After a vote Thursday night, participants of the group decided to march toward Mexico’s Oaxaca state instead of crossing to the eastern part of the country. From there, organizers claim, they’ll travel to Mexico City. Once they arrive, the caravan hopes to demonstrate for amended immigration laws that allow migrant prosperity and economic opportunity. Right now the closest border crossing to this caravan would be between Matamoros, Mexico, and Brownsville, Texas, but heading that way is considered a more dangerous route. The group crossed into Mexico a week ago, nearly a week after the caravan formed in San Pedro Sula, Honduras.

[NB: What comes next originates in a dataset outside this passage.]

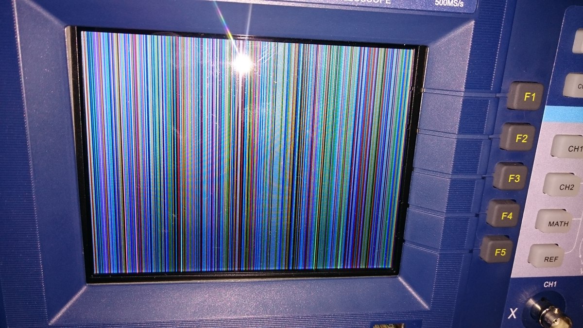 Hallo, ich habe ein gebrauchtes DSO bekommen. Das Modell ist ein Uni-T UTD 2082C. Es lief dann auch für einige Minuten. Ich habe dann mit dem Testsignal ein paar Einstellungen getestet. Und dann wurde plötzlich der ganze Bildschirm bunt gestreift. (siehe Bild) Hatte schonmal jemand ein ähnliches Problem? Gibt es vielleicht einen Schalter oder Jumper zum hardresetten oder eine Tastenkombi beim Startup? Hab leider weder in den Manuals noch beim googeln etwas gefunden. Gruß

The caravan was near the city of Tapanatepec, Mexico in the southern Mexican state of Oaxaca, about 1,000 miles from the U.S. border. The caravan walks 20 to 30 miles each day, with most on foot and some riding in trucks and other vehicles. The journey through Mexico, which includes stretches of large deserts and violent areas controlled by gangs or high in crime rates, is dangerous. Many migrants trying to make the journey from Central America to the U.S. border crossing never complete the trek.
After thousands of miles of marching, they still have thousands left to go. With surmounting threats from Donald Trump and American citizens, the migrants have quite a journey ahead.